Abstract
Curcumin (diferuloylmethane) is a major component of turmeric, which is isolated from the rhizomes of Curcuma longa L. from the family Zingiberaceae. It is used as a dietary pigment for curry and in traditional Indian medicine for its anti-inflammatory and attenuating pain effects. This study aimed to evaluate the beneficial effects of curcumin in a rat model of diabetic neuropathic pain. Additionally, we investigated the involvement of the phosphorylated form of c-Jun N-terminal kinase (pJNK) located in the neurons and astrocytes of the dorsal root ganglion (DRG). To induce diabetic neuropathic pain in rats, 50 mg/kg of streptozotocin (STZ) was intraperitoneally injected. After 4 weeks, rats were administered the vehicle, 10 mg/kg/day curcumin, or 50 mg/kg/day curcumin orally for 4 consecutive weeks.

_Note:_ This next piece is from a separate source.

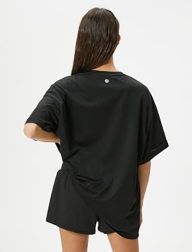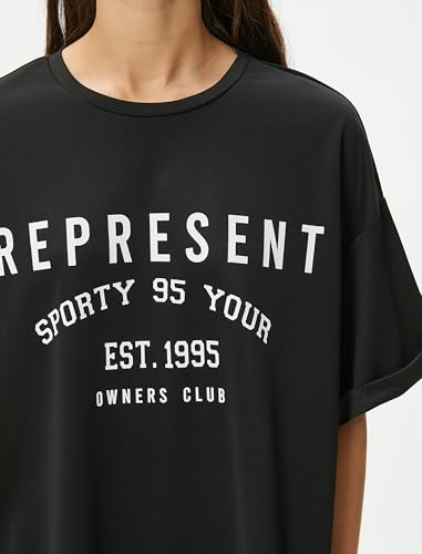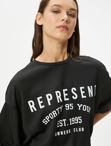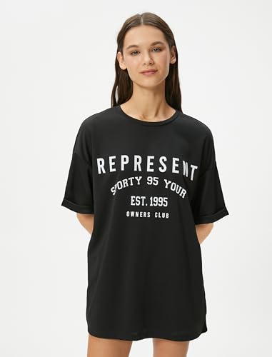 KOTON - KOTON womens Sport Oversized Extra Long Printed Crew Neck Tshirt

One day after the final drug administration, we performed behavioral tests to measure responses of rats to mechanical, heat, cold, and acetone-induced cold stimuli. After behavioral tests, pJNK expression in the DRG was evaluated using western blot assay and immunohistochemistry. Curcumin treatment for 4 consecutive weeks in STZ-induced diabetic neuropathic pain rats improved behavioral responses to mechanical, cold, and thermal stimuli. Increased pJNK expression in the astrocytes and neurons of the DRG in STZ-induced diabetic neuropathic pain rats was reduced by curcumin treatment for 4 consecutive weeks. We suggest that curcumin can be an option for the treatment of diabetes-related neuropathic pain, and one of the mechanisms that underlie the action of curcumin may involve pJNK expression in the astrocytes and neurons of the DRG.
Highlights
Neuropathic pain is one of the most common complications of diabetes mellitus (DM) and an estimated one-third of patients with DM have painful diabetic neuropathy [1]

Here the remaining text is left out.